- [Problem details]: What you give back must match the records below exactly, apart from the pictures, which are omitted.
═════ Material for this task ═════
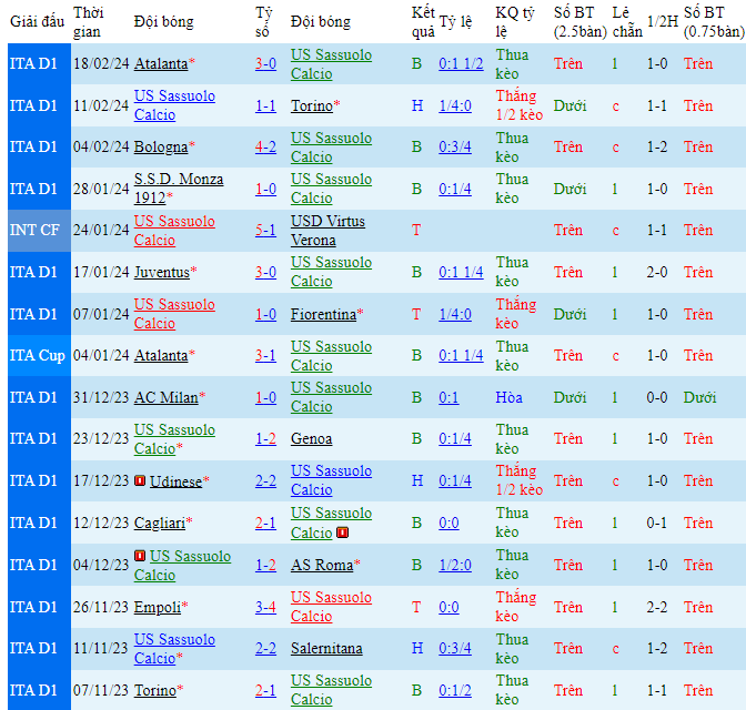 -Phong độ Sassuolo
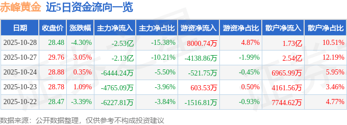 证券之星消息,截至2025年10月28日收盘,赤峰黄金(600988)报收于28.48元,下跌4.3%,换手率3.41%,成交量56.71万手,成交额16.43亿元。
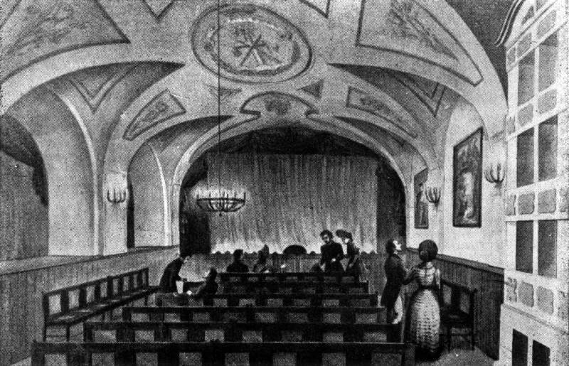 The theatre hall was a narrow, long hall of a rectangular plan in the first floor of a rental house, arched by a Baroque lunette vault. With their own work, the amateur actors built here a simple wooden stage of roughly 30 m2 dimension that occupied around a third of the length of the room. The height of the room didn't allow the stage to be raised too high. Similarly, they also acquired costumes and scenery sets, some of which were painted by Tyl himself. A scaffolding for attaching set pieces, soffits and backdrop was installed in the stage. There were about ten rows of benches in the auditorium that could have been filled by 80 spectators and other 100 standing rooms. The distribution of volumes was inducing rather a cramped impression and when the room was filled with people, it was quickly hard to breathe. Also the location of the theatre was in a distance from the clientèle, to which it was dedicated to. For the Lower Side with many aristocratic palaces didn't accommodate many Czech speaking inhabitants and it was quite far away from the centres of Czech community at the Old and New Town.
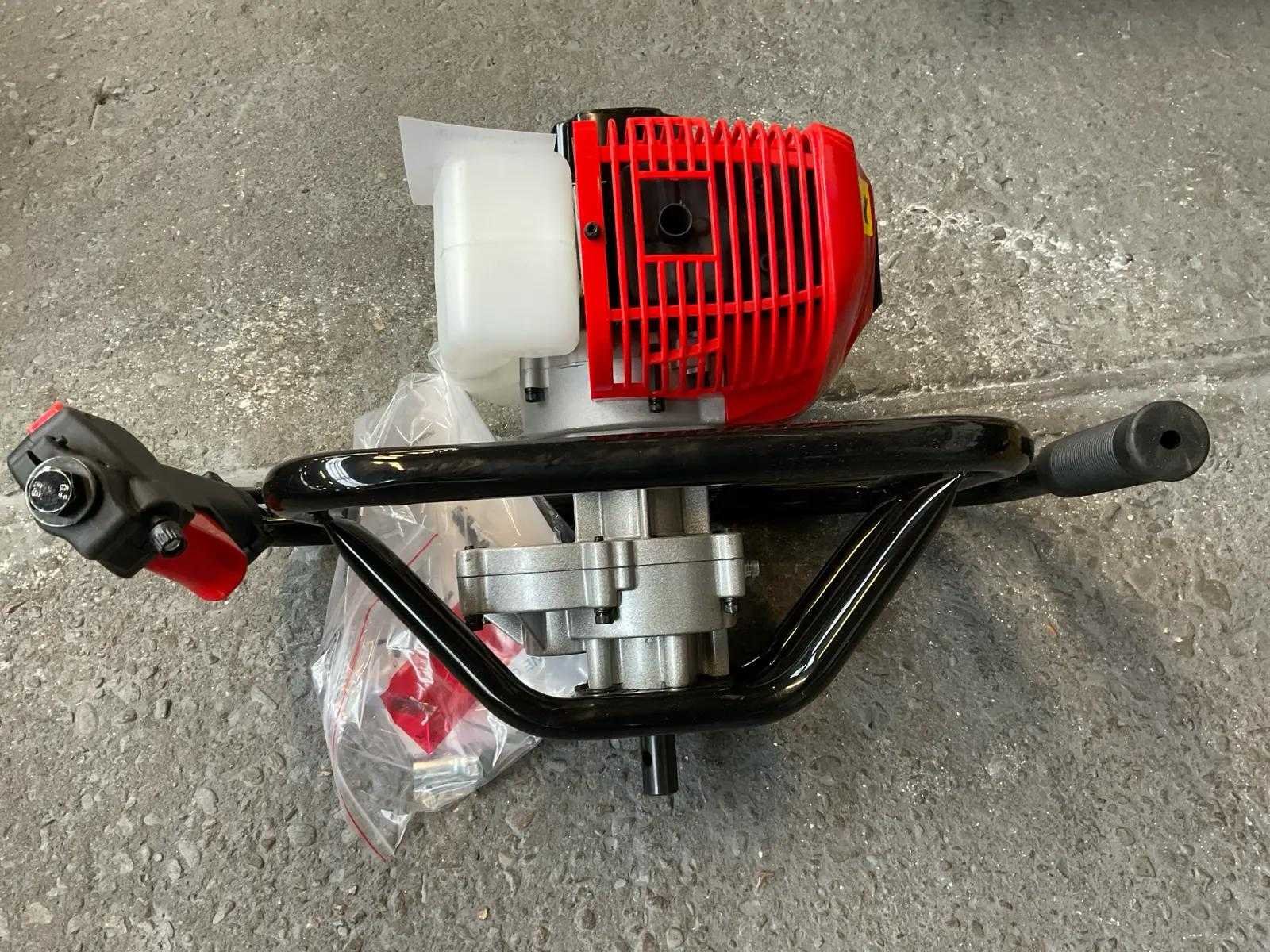Benzine motor, boordiameter 9 mm, 11mm, 16mm, 21mm Zeer krachtige tuin 52cc benzine grondboor graafgatmachine Modelnr. TMD520-1 Maximaal motorvermogen 1,6 kW Motor verplaatsing 51,7CC Motor model 1E44F Brandstof tank capaciteit 1,2L Maximaal motortoerental 9000±500rpm Stationair toerental 3000±200rpm Brandstof/olie mengselverhouding 25:1 Gewicht GW 10KG/NW 9KG Accessoireslijst 1. GEREEDSCHAPSKIT 2. BRANDSTOFTANK 3. HANDLEIDING Merk: HH Model: TMD520-3 Kleur: rood Gewicht: 18kg Materiaal: metaal/kunststof
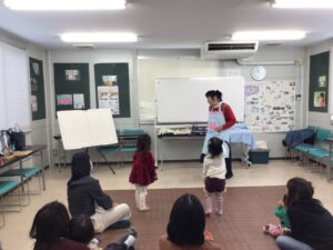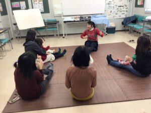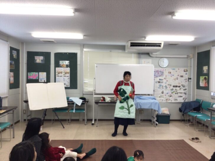 エプロンシアターではまゆこ先生のお話とお歌に合わせて
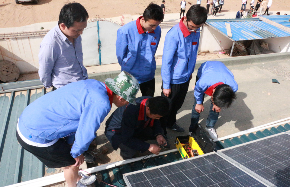 走進圓夢新村,由學院校辦企業(yè)武威泰豐新能源有限公司建設的200戶貧困家庭戶均3kw的分布式光伏發(fā)電系統(tǒng)映入眼簾。在社區(qū)書記郭林春的帶領(lǐng)下,黨員教師和學生入黨積極分子上門幫助用戶檢查維修光伏發(fā)電設備,檢查光伏組件的老化跡象以及所有連接器是否連接緊密、有無腐蝕現(xiàn)象,檢查組件是否接地良好。了解農(nóng)戶的需求,為農(nóng)戶講解光伏設備后期維護、電費結(jié)算方式以及國家扶貧惠民的政策等知識,并對部分農(nóng)戶屋頂光伏組件故障進行了排除,對光伏組件進行了大面積清潔維護。
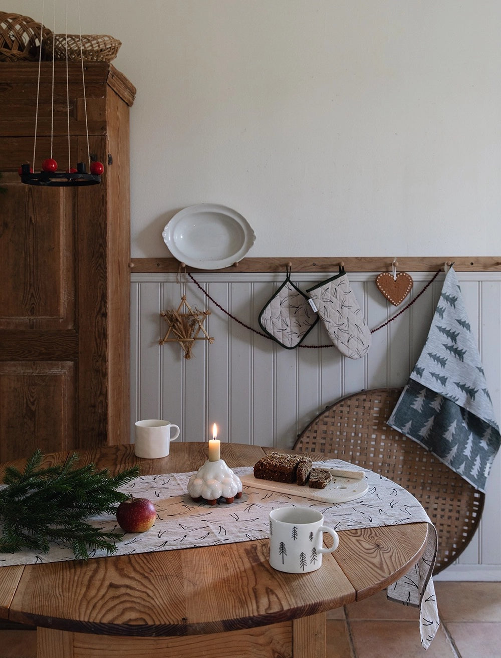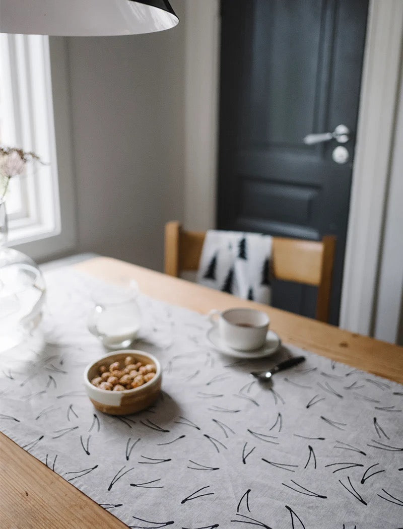 En tidlös bordslöpare i tvättad, oblekt linnekvalitet med ett grafiskt mönster inspirerat av den skandinaviska naturen. Använd den centrerad på bordet som en lugn bas för en stilren mittdekoration, eller placera den tvärs över bordet och duka direkt ovanpå. Passar lika fint ensam som tillsammans med en enfärgad linneduk, där mönstret får stå i fokus.
═════
- [Solution for this problem]:
 -Phong độ Sassuolo
 证券之星消息,截至2025年10月28日收盘,赤峰黄金(600988)报收于28.48元,下跌4.3%,换手率3.41%,成交量56.71万手,成交额16.43亿元。
 The theatre hall was a narrow, long hall of a rectangular plan in the first floor of a rental house, arched by a Baroque lunette vault. With their own work, the amateur actors built here a simple wooden stage of roughly 30 m2 dimension that occupied around a third of the length of the room. The height of the room didn't allow the stage to be raised too high. Similarly, they also acquired costumes and scenery sets, some of which were painted by Tyl himself. A scaffolding for attaching set pieces, soffits and backdrop was installed in the stage. There were about ten rows of benches in the auditorium that could have been filled by 80 spectators and other 100 standing rooms. The distribution of volumes was inducing rather a cramped impression and when the room was filled with people, it was quickly hard to breathe. Also the location of the theatre was in a distance from the clientèle, to which it was dedicated to. For the Lower Side with many aristocratic palaces didn't accommodate many Czech speaking inhabitants and it was quite far away from the centres of Czech community at the Old and New Town.
Benzine motor, boordiameter 9 mm, 11mm, 16mm, 21mm Zeer krachtige tuin 52cc benzine grondboor graafgatmachine Modelnr. TMD520-1 Maximaal motorvermogen 1,6 kW Motor verplaatsing 51,7CC Motor model 1E44F Brandstof tank capaciteit 1,2L Maximaal motortoerental 9000±500rpm Stationair toerental 3000±200rpm Brandstof/olie mengselverhouding 25:1 Gewicht GW 10KG/NW 9KG Accessoireslijst 1. GEREEDSCHAPSKIT 2. BRANDSTOFTANK 3. HANDLEIDING Merk: HH Model: TMD520-3 Kleur: rood Gewicht: 18kg Materiaal: metaal/kunststof
 エプロンシアターではまゆこ先生のお話とお歌に合わせて
 走進圓夢新村,由學院校辦企業(yè)武威泰豐新能源有限公司建設的200戶貧困家庭戶均3kw的分布式光伏發(fā)電系統(tǒng)映入眼簾。在社區(qū)書記郭林春的帶領(lǐng)下,黨員教師和學生入黨積極分子上門幫助用戶檢查維修光伏發(fā)電設備,檢查光伏組件的老化跡象以及所有連接器是否連接緊密、有無腐蝕現(xiàn)象,檢查組件是否接地良好。了解農(nóng)戶的需求,為農(nóng)戶講解光伏設備后期維護、電費結(jié)算方式以及國家扶貧惠民的政策等知識,并對部分農(nóng)戶屋頂光伏組件故障進行了排除,對光伏組件進行了大面積清潔維護。
 En tidlös bordslöpare i tvättad, oblekt linnekvalitet med ett grafiskt mönster inspirerat av den skandinaviska naturen. Använd den centrerad på bordet som en lugn bas för en stilren mittdekoration, eller placera den tvärs över bordet och duka direkt ovanpå. Passar lika fint ensam som tillsammans med en enfärgad linneduk, där mönstret får stå i fokus.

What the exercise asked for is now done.